QueueHealthService.cleanupStaleJobs() runs at 3:00 AM via @nestjs/schedule's @Cron(CronExpression.EVERY_DAY_AT_3AM):

queue.clean(24h, 1000, 'completed' | 'failed' | 'wait' | 'delayed') per queue.
Belt-and-suspenders for removeOnComplete / removeOnFail count-based rotation, which only fires on new enqueues. An idle-but-stale queue can otherwise hold a tail of jobs indefinitely.
Idempotent: queue.clean is atomic, so duplicate runs across replicas (when the cron fires on multiple instances) just no-op.
Audit history in Postgres background_jobs is untouched — only Redis state.

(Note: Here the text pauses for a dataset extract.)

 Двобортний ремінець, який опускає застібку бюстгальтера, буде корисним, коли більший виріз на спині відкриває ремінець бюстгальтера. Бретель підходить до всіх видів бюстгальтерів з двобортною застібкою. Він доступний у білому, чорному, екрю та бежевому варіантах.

Requires ScheduleModule.forRoot() in AppModule.imports.

Course-generation processor (FEAT-84)

The course_generation_queue runs a self-chaining pipeline:

outline → module_lessons (per module, batched) → module_exam (per module)
       → … → final_exam → mastery_analysis (terminal)

Processor decorator:

@Processor(JobQueueName.COURSE_GENERATION, {
  concurrency: COURSE_GEN_CONCURRENCY,
  limiter: { max: 1, duration: COURSE_GEN_LIMITER_MS },
})

COURSE_GEN_CONCURRENCY (default 2) — different courses can advance in parallel; each course's own chain stays sequential because each step self-enqueues its successor.
COURSE_GEN_LIMITER_MS (default 2000) — spaces back-to-back Gemini calls. Tune up if the Gemini tier's RPM limit changes.

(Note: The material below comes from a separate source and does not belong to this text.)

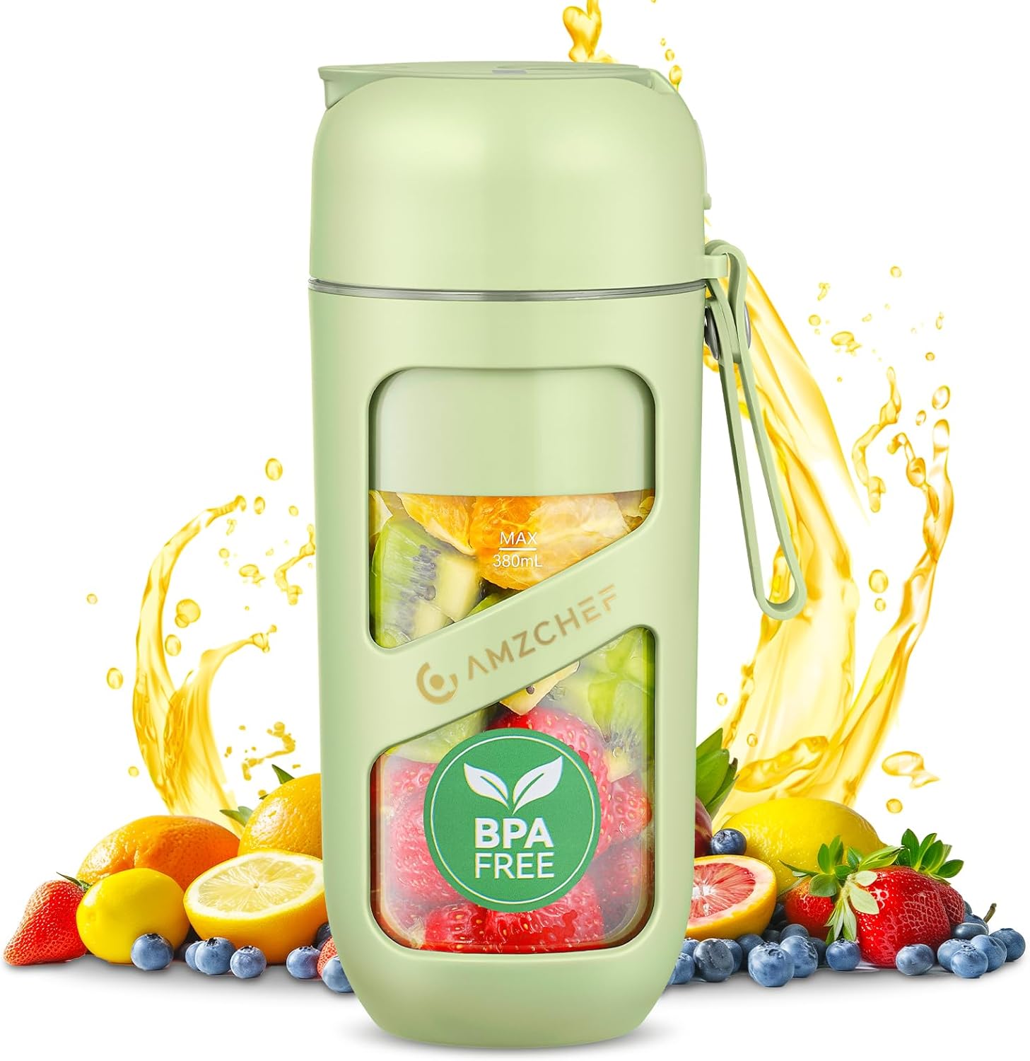 Il frullatore portatile AMZCHEF è progettato per frullare comodamente in movimento ed è dotato di tecnologia sottovuoto per preservare la freschezza.

Idempotency keys for every step (outline:${courseId}, module_lessons:${moduleId}, module_exam:${moduleId}, final_exam:${courseId}, mastery_analysis:${courseId}) prevent duplicates.

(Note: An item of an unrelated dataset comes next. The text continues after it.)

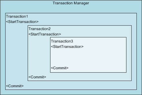 As you start new transactions, they are added into the previous transaction. Nested transactions must be committed or aborted in the opposite order in which they are created. So if you have three transactions, you must close the third or innermost one before the second and finally the first. If you abort the first transaction, the changes made by all three transactions are undone.

Full feature docs: 84-ai-course-generation.

Notes

Feature flags: Queue-backed features can be gated later using FEAT-35. The queue infrastructure should be enabled in deployed environments only when Redis is configured.
Dependencies: Redis, BullMQ, NestJS backend, Prisma, appLogger, NotificationsService, and MailService.
Migration dependency: Add background_jobs through a new migration following the migration convention.
Notification dependency: FEAT-40 assumes notification creation is triggered by the queue processor. FEAT-33 provides that queue layer.
No frontend dashboard in scope: Admin monitoring UI and Bull Board are future work.
#278 — frontend processing resilience (slim hardening, implemented): GET /jobs/:id is admin-only, so end-user document flows surface progress via documents.processing_status, never job internals. The reported "stuck / loading forever" did not reproduce on preview (upload, jobs, and the AI-tool path were healthy); this change is latency-neutral defensive hardening of the failure/slow path only — the happy path is unchanged. Two pieces: (1) the My Documents upload poll (my-documents-page.tsx) tracks each uploaded id to a terminal outcome instead of thumbnail-only/30s — success = present + completed-with-thumbnail; failure = the id drops out of GET /documents/mine. Note findByUploaderId filters processing_status: { not: 'failed' }, so a failed upload is excluded from the list rather than returned with a failed status — the poll detects the drop-out, stops polling it, and shows a one-time "couldn't be processed" notice (so a failed id never lingers to the deadline and mis-fires the "still processing" toast). Anything still genuinely processing past a 90s threshold emits the one-time "still processing" notice. (2) AI-tool calls (useAiTool) carry a 45s client-side AbortController timeout so a hung request surfaces a retryable error instead of an indefinite spinner — see the FEAT-60 note.
No placeholder jobs/data: Do not seed fake jobs. Tests should create and clean up their own records.
Known limitation: OCR, AI provider, and search-index implementations are not owned by FEAT-33. FEAT-33 provides queue infrastructure and integration contracts.
Build gate: Run pnpm build before PR as required by docs/AGENTS.md.